Input data
====
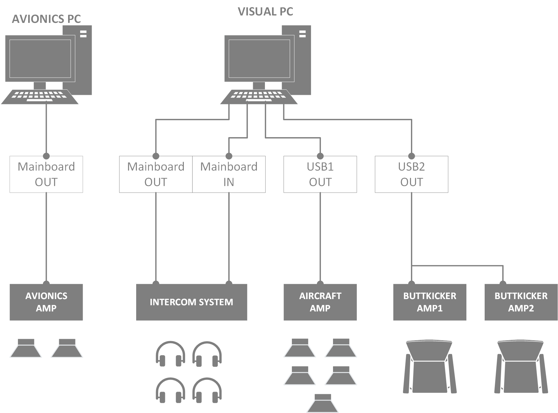 Could You share recommended audio setup? How to organize soundcards, signal distribution between ambient sound, cockpit sounds and comms.
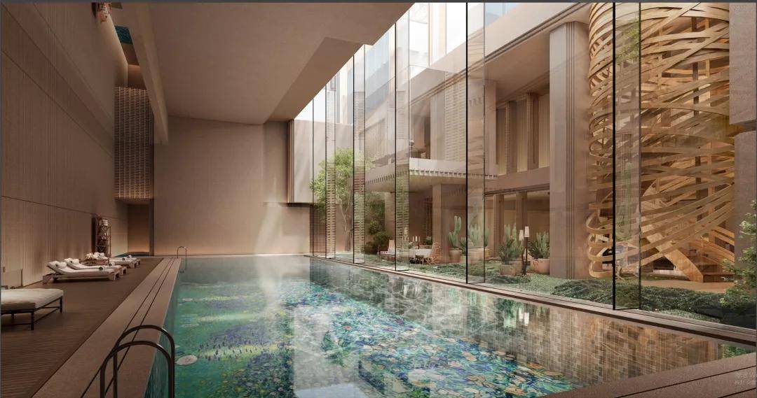 1800㎡顶奢会所,恒温泳池、健身瑜伽、私宴茶室、酒吧会客等功能一应俱全。
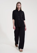 Джемпер свободного кроя с поясом и манжетами. Брюки свободного кроя зауженные к низу, со складами
====
How to complete this task
Set down the material above exactly as written, but not the pictures.

Solution
 Could You share recommended audio setup? How to organize soundcards, signal distribution between ambient sound, cockpit sounds and comms.
 1800㎡顶奢会所,恒温泳池、健身瑜伽、私宴茶室、酒吧会客等功能一应俱全。
 Джемпер свободного кроя с поясом и манжетами. Брюки свободного кроя зауженные к низу, со складами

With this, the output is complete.